Sore itu Naruto sengaja mampir ke pusat perbelanjaan kota sepulang sekolah. Dia berniat untuk membeli beberapa perlengkapan sekolah dan tentu saja memperbaharui stok ramennya. Saat dia berjalan melewati kedai eskrim, matanya tiba-tiba tertuju pada dua orang yang sedang duduk di dalam kedai. Dia mengenal salah satunya, pemuda bersurai hitam yang memakai seragam yang sama dengannya, Sasuke.

Tetapi dia tidak mengenal siapa pemuda yang duduk di depan Sasuke itu. Yang dia tahu hanya asal sekolah pemuda tersebut, dari seragam yang dikenakannya pemuda itu, sepertinya dia berasal dari sekolah di kota sebelah.

Apa yang dilakukannya dengan Sasuke di sini? Pikiran-pikiran negatif tentang alasan Sasuke menjauh darinya kembali berputar dikepalanya. Naruto menggelengkan kepalanya, mencoba mejernihkan otaknya dari pikiran-pikiran negatif itu. "Pasti Sasuke ada urusan dengannya," ucapnya optimis. Tapi matanya sedari tadi tidak dapat lepas dari gerak gerik mereka. Dan tiba-tiba saja pemuda yang tak dikenalnya itu mencondongkan tubuh ke arah Sasuke dan menciumnya tepat di bibir.

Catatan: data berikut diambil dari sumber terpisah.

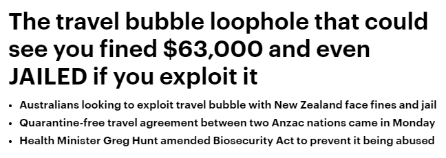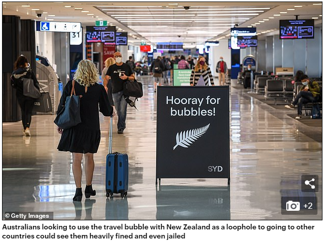 一些人很快指出,新西兰可能被用作澳人进一步出国旅行的港口,因为新西兰没有像澳大利亚那样的法律,即禁止没有豁免权的海外旅行。

Naruto membelalakkan matanya, tubuhnya membatu. Tidak, tidak. Dia mencoba menghilangkan imeji yang terlihat barusan, berusaha menganggapnya salah lihat, tapi, ketika ia melihat Sasuke mencium balik pemuda itu, dia tahu itu benar. Sasuke...mengkhianatinya. Sasuke... Sasuke... Naruto melihat merah.

.

.

.

.

"Sekarang semuanya sempurna. Kau sudah menjadi milikku, Sasuke."